Вот так, проникая друг в друга,
Природа с искусством искус
Создали. Фонтаны упруго
Вздымают свой радужный груз.
И всюду костяк Колизея
В нас тычется, неотвратим,
Чтоб толпы туристов, глазея,
Не спутали: Рим это! Рим!
* * *
Цивилизация с избыточностью всей
Форм, образов, вещей, идей, статей закона…
Остались пара терм, громоздкий Колизей.
Ах, да, совсем забыл – и купол Пантеона.
Не очарован дух – смущен: какой размах!
Рациональный ум, не знающий предела.
Но геометрия, не помня о богах,
Оставит каждому лишь мраморное тело.
Еще бы хорошо любить и забывать,
Как греки, навсегда прощаться с грустью нежной.
Но тут лишь знали страсть одну – повелевать,
И славою пьянеть, и смертью неизбежной.
Тяжелый римский дух. С уступа на уступ
Карабкались дворцы к вершине Палатина.
И что!? – Ни гула толп, ни триумфальных труб,
Лишь сколотых камней торчащая щетина.
ВИЛЛА АДРИАНА В ТИВОЛИ
Даже здесь твои боги только
Слепки, тени чужих богов.
Опустевшей экседры долька,
Пруд из мраморных берегов
Выступающий изумрудом,
Кладка залов каких-то, бань.
Я дивился печальным грудам,
Отдающим Элладе дань.
И так странно: почти что греку,
Филоэллину, – а ведь нет! –
К своему не притиснуть веку
Славу фидиевых побед.
Мы иные, и все иное,
Дух лишь в каждом неизлечим.
Возле статуи Антиноя
Остановимся, помолчим.
* * *
Что же касается жизни , так называемой,
Всех этих баров, отелей, реклам конфетти,
То от нее у меня как бы след несмываемый,
Как бы такая оскомина. Так что – прости!
Люди, как люди – везде со своими заботами.
Однообразнее только какой-нибудь фагоцитоз.
Справа – жилые кварталы, нависшие сотами,
Вместо таких же, недавно пошедших под снос.
Нет, ну конечно: детальки и внешнее разнообразие…
Можно заделаться хоть энтомологом.

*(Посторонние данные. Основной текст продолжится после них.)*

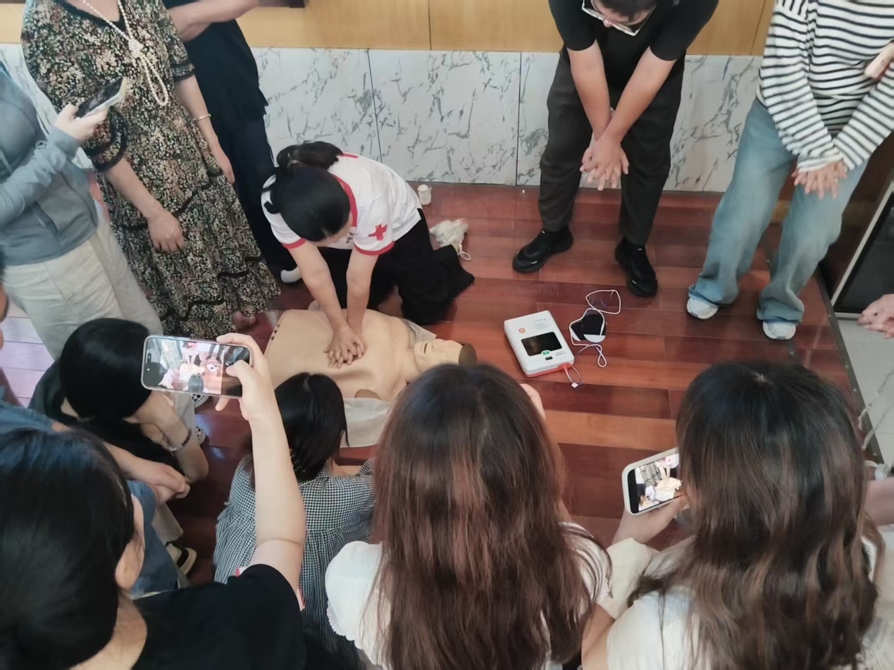 本次培训以“实战导向、学用结合”为原则,设置理论学习与实操训练两大环节。专业救护师围绕心肺复苏(CPR)、气道异物梗阻、常见意外伤害处理及自动体外除颤器(AED)操作等核心内容,通过案例分析、模拟演示、互动问答等形式,将急救知识转化为易学易用的技能。在实操环节,参训教职工在红十字会专业救护员的指导下,分组进行心肺复苏模拟演练,从按压位置、频率到AED设备使用,逐一规范操作流程,确保人人掌握急救要领。

Вот
Повод полмира объехать: Америка, Африка, Азия,
Видов описанных, новых статей хоровод.
Жизнь, ты избыточна в множестве сущностей, якобы
Разных, на самом же деле стремящихся лишь
К гомеостазу. О боже, как мы одинаковы:
Рим, Муравьиная куча, Житомир, Париж…
* * *
Среди бессчетных мертвых копий
Божеств и венценосных рож
Идешь вдыхать музейный опий,
Почти безропотно идешь.
И в зале смотрят истуканы,
Брезгливо поджимая рот,
Как все народы к ним и страны
Стекаются из года в год.
Увы, не меньше мертвечины
В искусстве, чем в твоем быту.
И я, поверь мне, без причины
Сюда особой не приду.
Но вдруг: как в жизни взгляд случайный,
И ты, волнуясь и любя,
Стоишь, застигнут, зритель тайный,
Тем, что касалось лишь тебя.
Стекают складки, словно пена,
И к небу руки вознося,
Венера Анадиомена,
Светясь, сейчас предстанет вся.
Не зная времени урона,
Еще недовоплощена,
В мир этот с Людовизи трона
Вступает царственно она.
* * *
Когда огромный Рим стоял почти пустым,
Ветшали здания, зарос травою форум,
Кровавый век побед казаться золотым
Им должен был, мечтой, мучительным укором.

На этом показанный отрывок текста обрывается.